One way is to deliberately restrict your scope and limit your choices. In effect, by making only two decisions and two choices -- paint and fabric -- you can redecorate a room. In record time, without running all over town armed with paint chips and fabric swatches, you can dispense with a room's two major elements, the background and the furniture.

Once implemented, those two solutions will help dictate what follows: the color for carpeting or the pattern of an area rug, even the kinds of artwork and accessories that are appropriate.

Pick out one easy-to-live-with color of paint and use it on the walls, the ceiling and the woodwork. Instead of considering all those surfaces separately and complicating the problem in the process, you make one decision and -- presto -- you've got a nice, clean, pleasingly monochromatic background.

Another low-risk, quick-fix solution is fabric. Anyone who has ever tried to redecorate knows you can drive yourself to distraction trying to coordinate the draperies with the upholstered pieces. Why bother? If you lack the time, talent or inclination to engage in this kind of anxiety-producing enterprise, don't.

Instead, find one kind of fabric with an appealing pattern and then use it everywhere: on the windows, the sofa, the chair, the ottoman, the pillows.

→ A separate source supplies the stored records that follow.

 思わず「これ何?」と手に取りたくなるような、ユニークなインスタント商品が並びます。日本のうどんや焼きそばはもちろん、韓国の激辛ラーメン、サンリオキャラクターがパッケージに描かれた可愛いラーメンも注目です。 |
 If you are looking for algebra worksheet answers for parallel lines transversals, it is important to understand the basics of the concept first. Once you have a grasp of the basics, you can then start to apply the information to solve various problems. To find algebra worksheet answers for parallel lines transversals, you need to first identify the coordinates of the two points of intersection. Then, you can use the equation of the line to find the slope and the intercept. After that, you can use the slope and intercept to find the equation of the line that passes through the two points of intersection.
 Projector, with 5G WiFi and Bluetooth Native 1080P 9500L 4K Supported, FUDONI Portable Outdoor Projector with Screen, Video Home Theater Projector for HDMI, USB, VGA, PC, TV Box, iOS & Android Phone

If your sofa and chairs are of different styles or periods, covering them with a single style of fabric can make them members of the same furniture family.

If that's not enough variety for you, consider the precoordinated patterns available from companies such as Laura Ashley, which market complementary patterns, such as a large scale print and a matching smaller print, for easy decorating.

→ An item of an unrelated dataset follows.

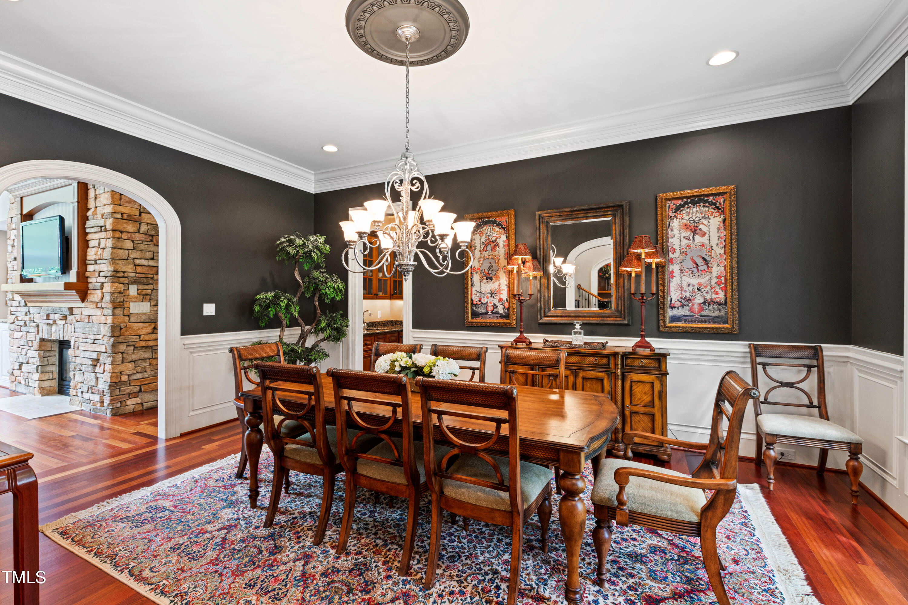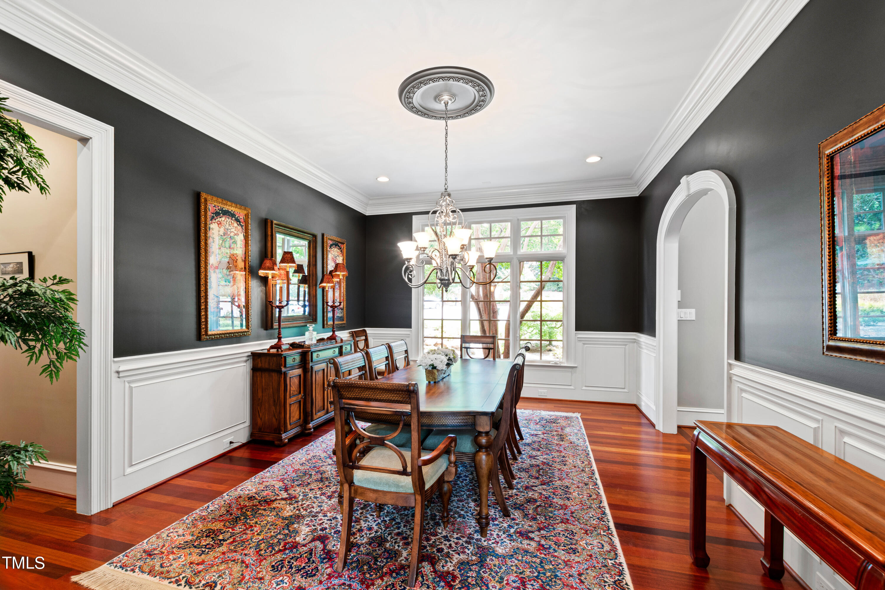 Off the foyer, the formal dining room awaits guests and memorable repasts with its

If you need to refurnish but economize at the same time, fabric can let you resort to second-hand furniture. Once it's reupholstered or slipcovered with an attractive fabric, who cares where it came from? Just

make sure the frames are sound, the cushions are in good condition, and the shapes and profiles are pleasing.

Once the sofa and chairs have been taken care of, you can finish furnishing on a catch-as-catch-can basis, selecting a coffee table, side tables and other accessory furnishings one at a time. Because the windows and major seating pieces are now coordinated, almost anything will go with them. But aim for variety in terms of both style and material. Deliberately mismatched occasional tables, different wood stains, an antique rocker or a piece of painted furniture thrown in to the mix will keep your resuscitated room from looking overly coordinated.

Using only a limited number of fabrics is a good strategy that works just as well in dining rooms and bedrooms. In a dining room, you could use the same fabric on the windows and the seats of your dining chairs, perhaps even as a tablecloth. In a bedroom, the draperies, upholstered headboard, comforter, bed skirt, pillow shams and a seat cushion for the rocking chair can all be made of the same one or two patterns.

After decorating and furnishing a room, concentrate on detailing and finishing it. Don't leave out the very things that make it distinctively yours: framed family photographs, diplomas, marriage certificates, trophies, souvenirs, heirloom furniture, collections and artwork. Even more than gallons of paint and bolts of fabric, such prized possessions have the power to personalize your decorating efforts.